- [THE TASK]:
Starting at the first line and ending at the one with "Photo taken on", give the lines of the listing again exactly, and nothing else; skip the pictures.

DATASET SECTION Block Start

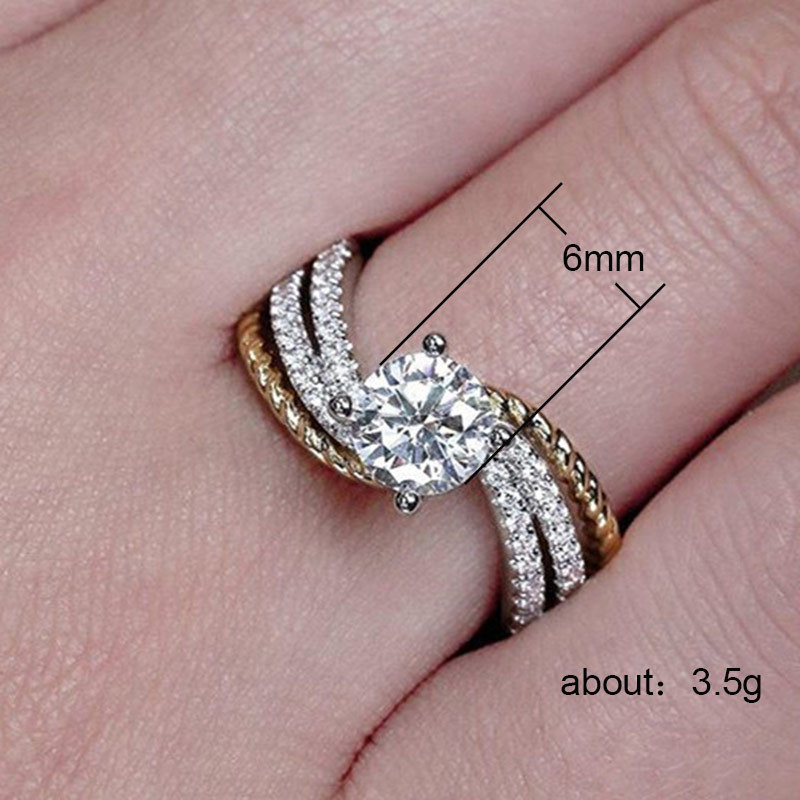 Classic four-claw imitation zircon micro-inlaid ring women's double row two-color twist arm ring engagement wedding ring women
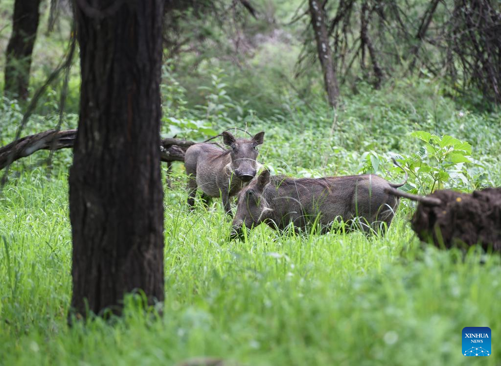Photo taken on Jan. 7, 2022 shows warthogs at the Gaborone Game Reserve in Gaborone, capital of Botswana.
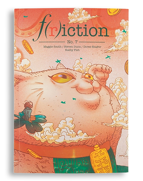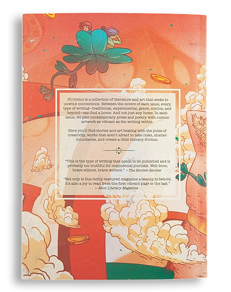 We won’t deny it—picking up this issue is a gamble, a game-show wheel of stories, nonfiction, and poetry. Cursed clock towers? School bus psychics? Angel organs? The only thing you can expect from F(r)iction #7 is the thrill of the unexpected. The heart of this magazine has always beat with the pulse of creativity and risk. After all, what some call “fiscally irresponsible nonsense” is our MO: breaking away from boring page designs and cliché themes and taking a chance on stories that hum with literary friction.

DATASET SECTION Block End

- [WRITTEN ANSWER]:
 Classic four-claw imitation zircon micro-inlaid ring women's double row two-color twist arm ring engagement wedding ring women
Photo taken on Jan. 7, 2022 shows warthogs at the Gaborone Game Reserve in Gaborone, capital of Botswana.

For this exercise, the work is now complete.